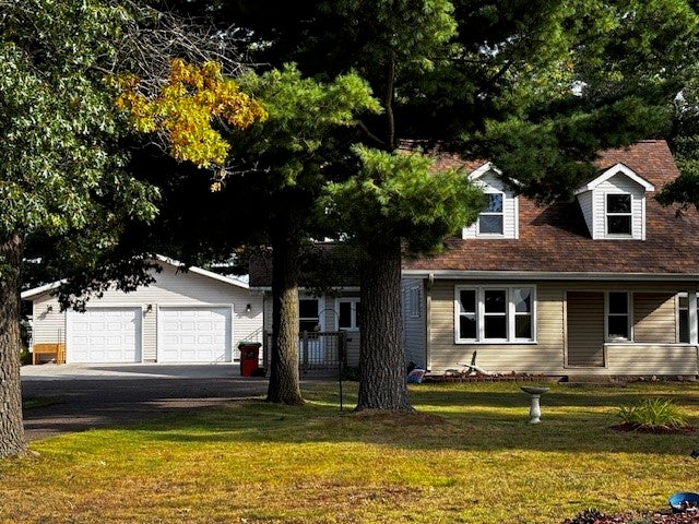 Appealing 1 1/2 story chalet home on Lake Wissota. Large kitchen and main floor bedroom and laundry. Fenced in backyard with gardens and beautiful views of the lake. Fresh paint in several rooms. Home interior will need some "lipstick and rouge" but a great floor plan. Great fishing and boating with nice access to the "Big Lake". More info attached. Three shelves in closets are included. Home cameras are excluded. Oversized two car garage for work area. Generator hook-up. Septic only 3 years old and just pumped.
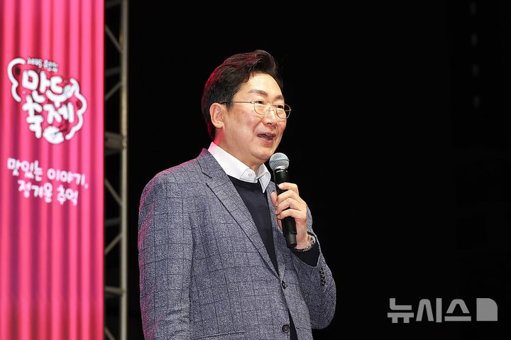 [원주=뉴시스] 이덕화 기자 = 24일 강원 원주시 대표 먹거리축제인 '원주만두축제'가 중앙동 전통시장과 문화의거리, 원일로 일원에서 열린 가운데 원강수 원주시장이 축제의 개막을 선언하고 있다. 2025.10.24. [email protected]
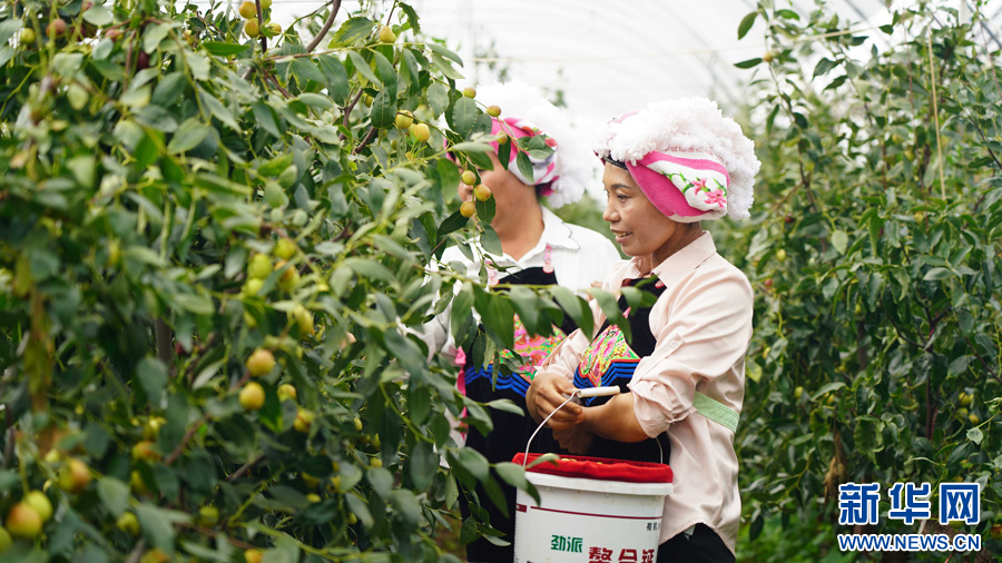 村民采摘棗子(8月10日攝)。新華網發(趙釩雅 攝)
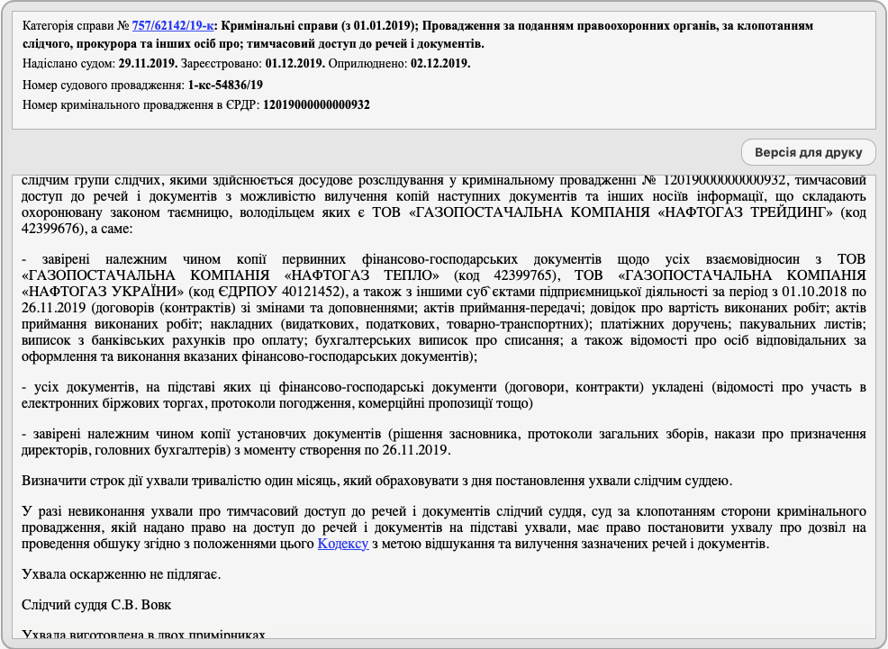 Виявляється, ще з 2019 року у провадженні Головного слідчого управління Національної поліції України знаходиться кримінальне провадження, внесене до Єдиного реєстру досудових розслідувань за №12019000000000932, 30.09.2019, за ознаками вчинення кримінального правопорушення, передбаченого ч. 5 ст. 191 КК України. Серед іншого, мова в ухвалі суду йде про те, що слідчі мають всі підстави для додаткового вилучення всіх фінансових документів компаній “Нафтогаз” та “Нафтогаз-Тепло” з метою перевірки підозри щодо розробки та втілення злочинної схеми заволодіння майном НАК “Нафтогаз України”.
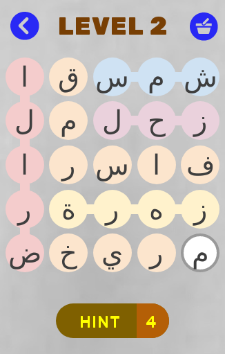 طريقة لعب العبة عن طريق ربط الحروف مع بعضها البعض وتوصيلها لتجمع الكلمة الصحبيحة., فيها اكتر من 20 مرحلة .!
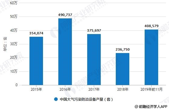 2015-2019年前11月中國大氣污染防治設備產(chǎn)量統(tǒng)計情況
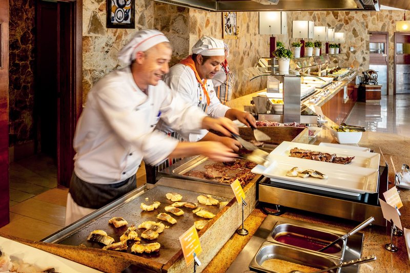 All Inclusive: Raňajky a večere formou bufetu s výberom teplých a studených jedál, show cooking a tematické večery. Obed formou bufetu v reštaurácii "Caprice". Víno, pivo, voda a nealkoholické nápoje sú zahrnuté v cene jedál. Sendviče sú k dispozícii od 10:30 do 12:30 a 15:30. Široký výber národných alkoholických a nealkoholických nápojov je k dispozícii v bare od 10:30 do 23:00. Jedna večera v à la carte reštaurácii "El Patio" je zahrnutá v cene každého 7-dňového pobytu.
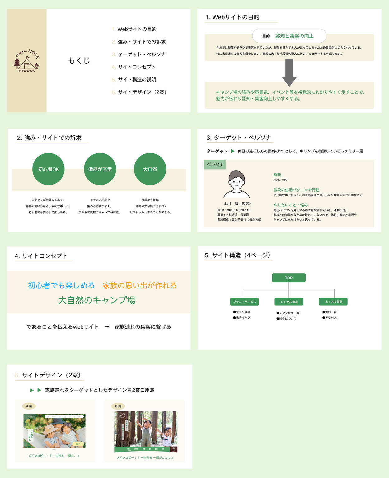 ・TOPページコーディング、キャンプ場内の案内マップ作成、提案資料作成
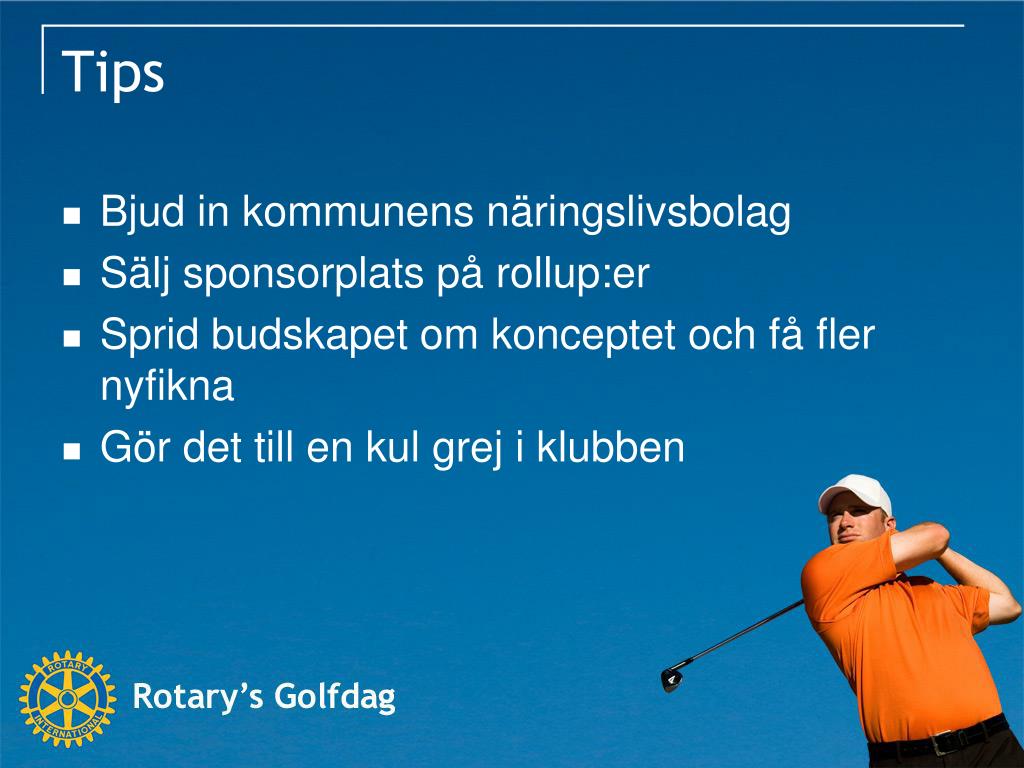 Rotarys Golfdag 30 maj 2011. Syfte. Skapa en årlig aktivitet för insamling till Rotary Foundation eller annat väldefinierat ändamål Inte konkurrerar med andra insamlingar (t ex Lions) Inte bara Rotarianer Ska vara så kul att man ser fram emot aktiviteten varje år
_ _ _
**EXERCISE REQUIREMENTS**
Nothing but the pictures may be dropped as you repeat the listing above exactly.

**ANSWER BELOW**
 Appealing 1 1/2 story chalet home on Lake Wissota. Large kitchen and main floor bedroom and laundry. Fenced in backyard with gardens and beautiful views of the lake. Fresh paint in several rooms. Home interior will need some "lipstick and rouge" but a great floor plan. Great fishing and boating with nice access to the "Big Lake". More info attached. Three shelves in closets are included. Home cameras are excluded. Oversized two car garage for work area. Generator hook-up. Septic only 3 years old and just pumped.
 [원주=뉴시스] 이덕화 기자 = 24일 강원 원주시 대표 먹거리축제인 '원주만두축제'가 중앙동 전통시장과 문화의거리, 원일로 일원에서 열린 가운데 원강수 원주시장이 축제의 개막을 선언하고 있다. 2025.10.24. [email protected]
 村民采摘棗子(8月10日攝)。新華網發(趙釩雅 攝)
 Виявляється, ще з 2019 року у провадженні Головного слідчого управління Національної поліції України знаходиться кримінальне провадження, внесене до Єдиного реєстру досудових розслідувань за №12019000000000932, 30.09.2019, за ознаками вчинення кримінального правопорушення, передбаченого ч. 5 ст. 191 КК України. Серед іншого, мова в ухвалі суду йде про те, що слідчі мають всі підстави для додаткового вилучення всіх фінансових документів компаній “Нафтогаз” та “Нафтогаз-Тепло” з метою перевірки підозри щодо розробки та втілення злочинної схеми заволодіння майном НАК “Нафтогаз України”.
 طريقة لعب العبة عن طريق ربط الحروف مع بعضها البعض وتوصيلها لتجمع الكلمة الصحبيحة., فيها اكتر من 20 مرحلة .!
 2015-2019年前11月中國大氣污染防治設備產(chǎn)量統(tǒng)計情況
 All Inclusive: Raňajky a večere formou bufetu s výberom teplých a studených jedál, show cooking a tematické večery. Obed formou bufetu v reštaurácii "Caprice". Víno, pivo, voda a nealkoholické nápoje sú zahrnuté v cene jedál. Sendviče sú k dispozícii od 10:30 do 12:30 a 15:30. Široký výber národných alkoholických a nealkoholických nápojov je k dispozícii v bare od 10:30 do 23:00. Jedna večera v à la carte reštaurácii "El Patio" je zahrnutá v cene každého 7-dňového pobytu.
 ・TOPページコーディング、キャンプ場内の案内マップ作成、提案資料作成
 Rotarys Golfdag 30 maj 2011. Syfte. Skapa en årlig aktivitet för insamling till Rotary Foundation eller annat väldefinierat ändamål Inte konkurrerar med andra insamlingar (t ex Lions) Inte bara Rotarianer Ska vara så kul att man ser fram emot aktiviteten varje år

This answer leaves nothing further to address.